Einen Saisonstart wie Button hatte in den letzten 44 Jahren nur Michael Schumacher 1994 und 2004 geschafft.

Scheidung als Antrieb

Der Antrieb des neuen Weltmeisters liegt angeblich auch in der Scheidung seiner Eltern begründet. Wenn der kleine Jenson, bei der Trennung sieben Jahre, erfolgreich Rennen fuhr, waren Vater John und Mutter Simone in ihrem Stolz und ihrer Freude vereint.

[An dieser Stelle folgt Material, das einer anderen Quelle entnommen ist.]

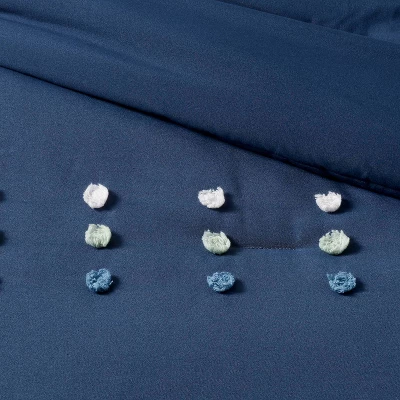 Create a pleasing and cozy ambiance in your kiddo’s room with this Pompom Comforter Set from Pillowfort™. This set includes one twin comforter and a matching sham, both made from a soft fabric blend with filling to help them stay cozy and comfy as they nap or drift off to dreamland. Designed in a solid hue, this cozy comforter and sham feature a tufted construction with stitched pompom accents forming horizontal stripes to add a touch of fun style to their bedroom decor. Coordinate these pieces with printed sheets, decorative pillows and stuffed animals to create a colorful, relaxing haven for your child.

Als Button, der 2000 als Teamkollege von Ralf Schumacher bei Williams in die Formel 1 einstieg, für wenige Monate der große Überflieger war, versuchten die Medien, ihm das Image eines Charakterkopfes zu verpassen. Das will Button jedoch gar nicht. Er ist einfach ein netter Kerl.

Keine großen Sprüche

Egal, wie sehr er gereizt wurde, zu großen Sprüchen ließ er sich nie hinreißen. "In meiner Position muss man sehr vorsichtig sein mit dem, was man sagt. Wenn ich mich an einem Rennwochenende draußen bewege, bin ich Repräsentant und habe die Belange großer Sponsoren zu bedenken."

Auch sein ehemaliger Teamchef Flavio Briatore (bei Renault 2002) versuchte, den hochtalentierten Button stets zu reizen, um Reserven zu mobilisieren. "Er war sehr geduldig, sehr ruhig, einfach sehr englisch", meinte Briatore: "Wie gerne hätte ich ihn mal wütend oder aufbrausend gesehen. Ich dachte immer, dass er doch endlich mal die Geduld mit uns verlieren und anfangen müsste, mehr Forderungen zu stellen."

Sein Talent, ein starkes Auto und Superhirn Ross Brawn an seiner Seite reichten am Ende aber zum Titel.